Constraints can be actually viewed as equations: in both cases, variables are related by properties, and solving a set of equations amounts to finding which assignment of values to variables meets all the equations. Mathematical equations can be solved if appropriate methods are known, and the same happens with constraints. But constraint tools usually provide domains which are not commonly treated by classical mathematics; or, at least, constraint systems for which solving methods are not a central point of the usual mathematical background.
Using the appropriate domain for each problem is essential: constraint domains have specific characteristics and solving methods which make them more appropriate than others for some problems. Fortunately, deciding which constraint system has to be used is often not difficult: in most cases the problem itself strongly suggests which constraint system to use. In general, the process of solving a problem is a combination of propagation (a general term to refer to equation solving) and search, when an incomplete solution is found.
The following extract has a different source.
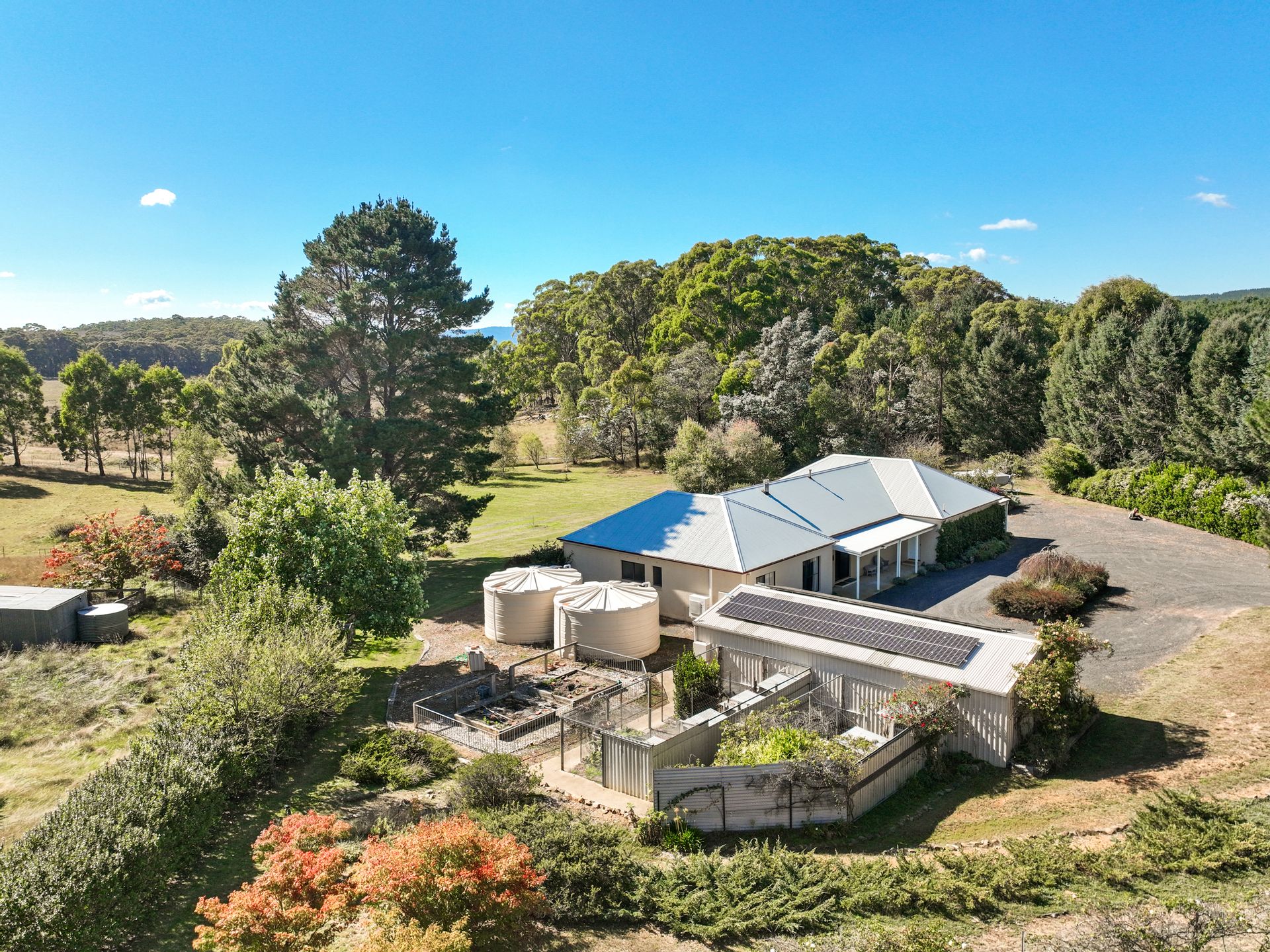 - Solar panels, rainwater tanks for home and garden use, and a bore - practical and sustainable.

But looking at constraints as a kind of extended equations does not allow the perception of the whole scenario: equations (even in their extended constraint-like version) suffer from the same drawbacks as OR: lack of modularity (the whole problem is a big set of interrelated equations), lack of dynamic creation of equations, sometimes lack of power to solve completely the equation system proposed, or the solution, as returned by the solver (assignments of values to variables) not coming out in the appropriate format (which, for example, might have to be shared with other tools).
Solutions to these problems can be worked out by coupling constraints and programming.